The Nihon Review - Anime Reviews & Editorials

Zero no Tsukaima

Title: Zero no Tsukaima aka The Familiar of Zero
Genre: Action/Romance
Company: J.C. Staff/GENCO
Format: 13 episodes
Dates: 3 Jul 2006 – 25 Sep 2006

Synopsis: Louise de La Valliere is the dunce of her class in Tristein Academy for magicians. Several years of unsuccessful attempt after attempt at casting spells, each resulting in violent explosions, have earned her the nickname of “Zero Louise” from her classmates. However, on the day that her class must summon a familiar each for themselves, Louise summons a commoner from another world: a young boy from Japan named Hiraga Saito.

The Highlights
Plot: Predictable.
Characters: Shallow and ripped from Shakugan no Shana(1,2), yet still likeable.
Atmosphere: Refuses to take itself seriously.
Pacing: Rushed in the last few episodes.

Take a generic been-there, done-that premise, rip the characters straight out of a recent mediocre shounen action series and follow a plot that is as predictable as the rising of the sun and you have a recipe for a bad anime, right? Wrong. Zero no Tsukaima has a complete lack of originality and less depth than a backyard inflatable swimming pool, yet I couldn’t be more impressed with it.

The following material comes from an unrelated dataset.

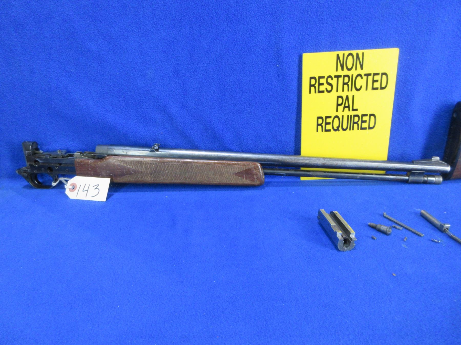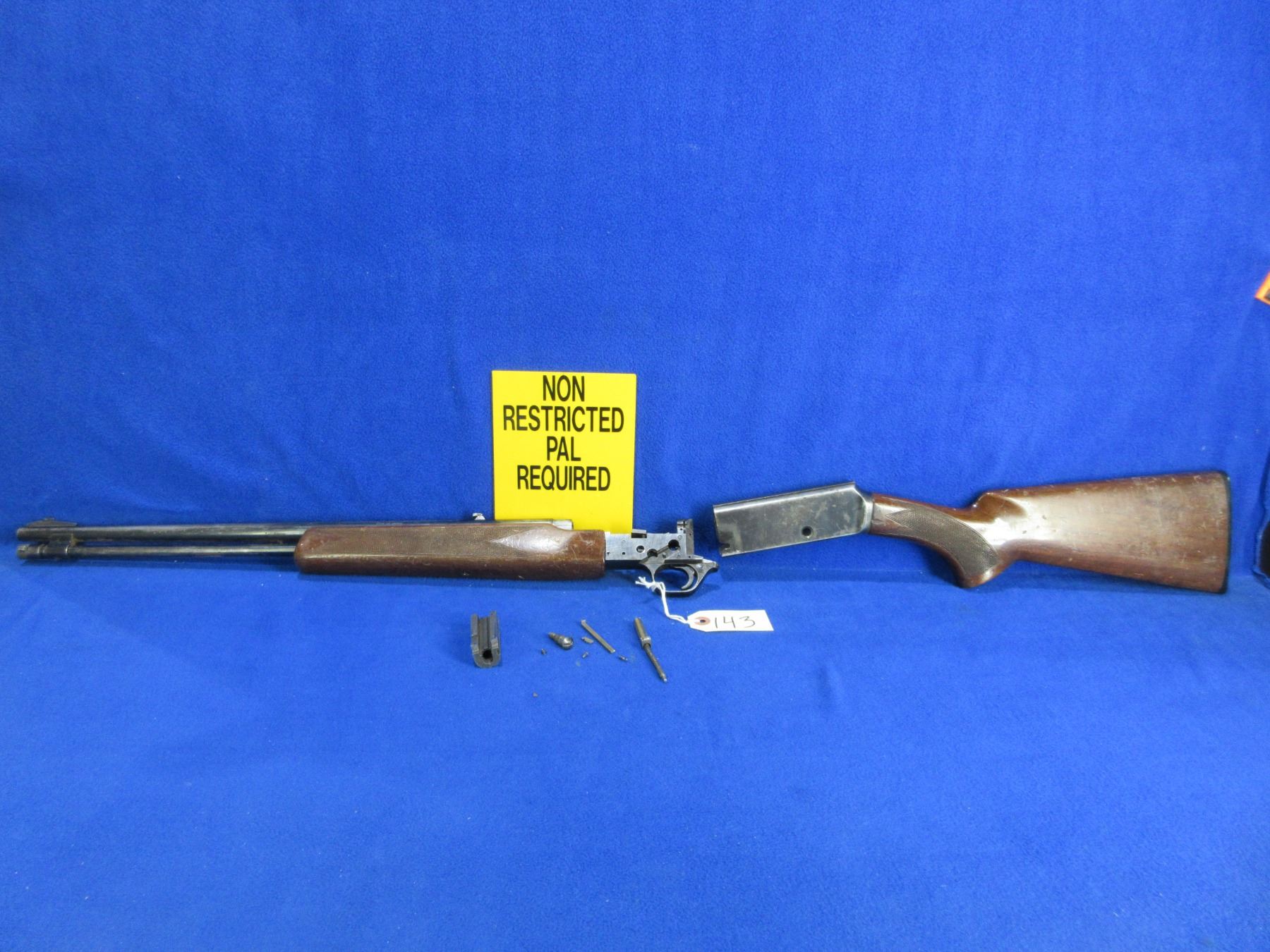 Non-Restricted - Browning BPR-22 in 22LR Parts Gun - This pump action parts gun with tube magazine is in non working order. Barrel is 20 1/4", rifling is good to very good, bluing is turning grey with light pitting, has both sights, stock is good with many usage marks, forearm is good with many usage marks, butt plate good. Ser # O3012RP176

People who have seen Shakugan no Shana will immediately recognize many familiar traits in Zero‘s characters, right down to the choice of seiyuu, which can easily lead to the suspicion that Zero‘s characters were pretty much lifted directly from Shakugan no Shana. But, as the series progresses, the audience may begin to see many obvious differences between the characters of the two series; the most important of which is that Zero‘s characters are far more likable. Saito particular deserves special mention; his headstrong and grounded nature makes him almost impossible not to sympathize with and incredibly respectable as a male lead. As is the case in most anime like these, he has a bevy of beauties after him, but this is one of those rare times where I can actually understand why.

It helps to have characters with likable persona, no matter how shallow they are, but Zero‘s greatest attribute is its refusal to take itself seriously. The atmosphere is quickly established at an almost counter to that which permeated through much of Shakugan no Shana: light-hearted and almost without a trace of gravity. The comedy is never brilliant, but more often than not very entertaining. Ditto the action sequences. In fact, ditto the entire series.

Don’t go looking for an intricate and unpredictable plot in Zero no Tsukaima: it’s not there. In fact, events become so predictable at times, it felt as if the show was purposely trying to spoil itself. The extreme use of heavy, blatant foreshadowing seen here is an example of poor storytelling, but it is quickly established that this series never intends to be challenging. The final three episodes are very rushed, owing to the fact that several volumes of the novel are compressed into a minimal amount of time, but even this doesn’t do a great deal to detract from the overall enjoyment of the series. Even when things appear to take a turn for the serious, they never completely do. Conflicts are resolved in ways so ridiculous one can’t help but find humour in them, which redeems Zero‘s flirtation with almost-solemn atmosphere.

I’ve seen my fair share of anime series, but to this day, the ones I get my most enjoyment from are the ones that surprise me. After being presented with what initially looked like a Shakugan no Shana clone with elements stolen from Escaflowne and Harry Potter, my expectations were pretty low. Needless to say, they were blown away. This is a lesson to series like Karin and Gokujou Seitokai on how to do a completely facetious anime right.